* **Exercise prompt**: Any pictures in the records below must be left out when you repeat the lines from the line containing "For the past" through the line containing "Caption: Forest garden" exactly.

===== Data records

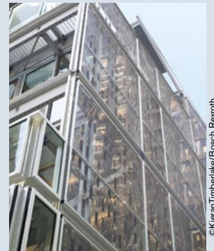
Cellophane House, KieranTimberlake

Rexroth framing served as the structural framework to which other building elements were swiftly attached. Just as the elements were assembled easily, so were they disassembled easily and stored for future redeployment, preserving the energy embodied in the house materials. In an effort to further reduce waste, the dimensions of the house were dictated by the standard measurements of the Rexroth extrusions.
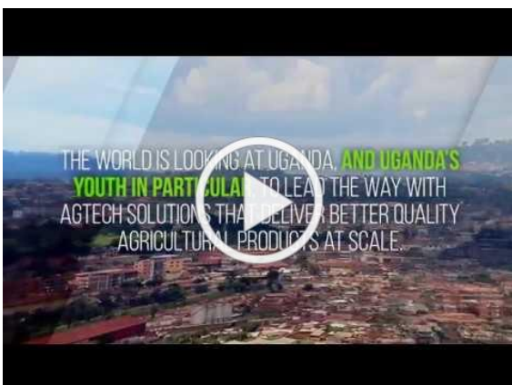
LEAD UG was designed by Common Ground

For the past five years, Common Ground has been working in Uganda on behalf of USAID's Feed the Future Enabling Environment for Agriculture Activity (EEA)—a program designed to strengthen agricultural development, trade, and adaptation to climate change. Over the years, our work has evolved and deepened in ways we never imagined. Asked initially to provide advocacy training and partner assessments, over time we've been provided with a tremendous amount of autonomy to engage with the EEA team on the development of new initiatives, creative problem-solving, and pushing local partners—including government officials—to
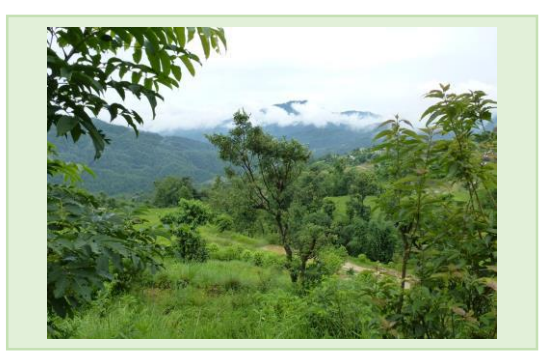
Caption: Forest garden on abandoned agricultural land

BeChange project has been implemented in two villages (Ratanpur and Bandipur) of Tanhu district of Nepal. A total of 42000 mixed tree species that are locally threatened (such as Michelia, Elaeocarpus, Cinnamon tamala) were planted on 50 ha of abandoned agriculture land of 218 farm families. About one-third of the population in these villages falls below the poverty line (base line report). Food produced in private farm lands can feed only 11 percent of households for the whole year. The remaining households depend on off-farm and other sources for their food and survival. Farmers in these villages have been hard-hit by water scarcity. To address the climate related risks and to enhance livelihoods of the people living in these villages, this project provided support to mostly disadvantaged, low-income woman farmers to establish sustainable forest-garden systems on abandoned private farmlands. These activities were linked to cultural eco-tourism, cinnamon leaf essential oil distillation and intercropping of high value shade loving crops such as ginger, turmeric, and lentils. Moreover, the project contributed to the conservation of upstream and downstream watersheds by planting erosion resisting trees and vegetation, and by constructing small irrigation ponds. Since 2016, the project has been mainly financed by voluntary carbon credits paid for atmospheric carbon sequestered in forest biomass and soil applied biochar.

==========
===== Data records

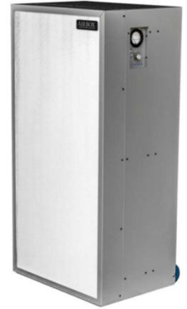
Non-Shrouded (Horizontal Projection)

==========
===== Data records

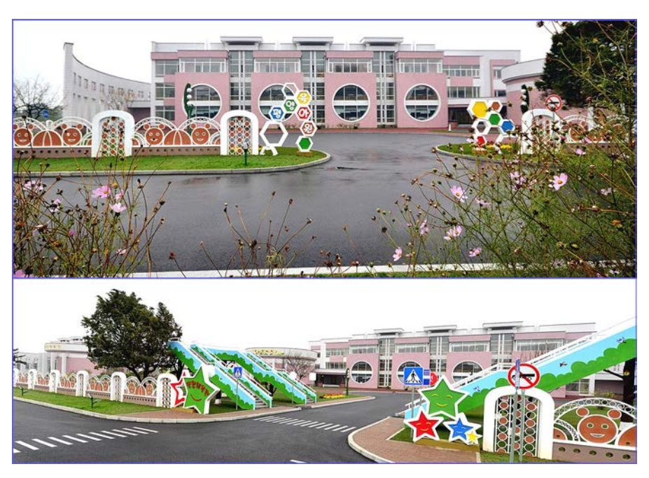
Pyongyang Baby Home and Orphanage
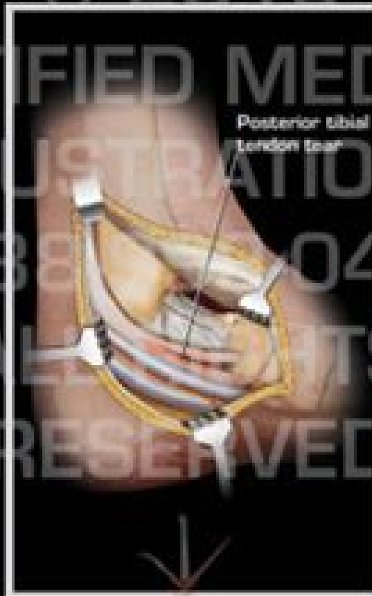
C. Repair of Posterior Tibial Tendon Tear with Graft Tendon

==========

* **Answer for this exercise**:
For the past five years, Common Ground has been working in Uganda on behalf of USAID's Feed the Future Enabling Environment for Agriculture Activity (EEA)—a program designed to strengthen agricultural development, trade, and adaptation to climate change. Over the years, our work has evolved and deepened in ways we never imagined. Asked initially to provide advocacy training and partner assessments, over time we've been provided with a tremendous amount of autonomy to engage with the EEA team on the development of new initiatives, creative problem-solving, and pushing local partners—including government officials—to
Caption: Forest garden on abandoned agricultural land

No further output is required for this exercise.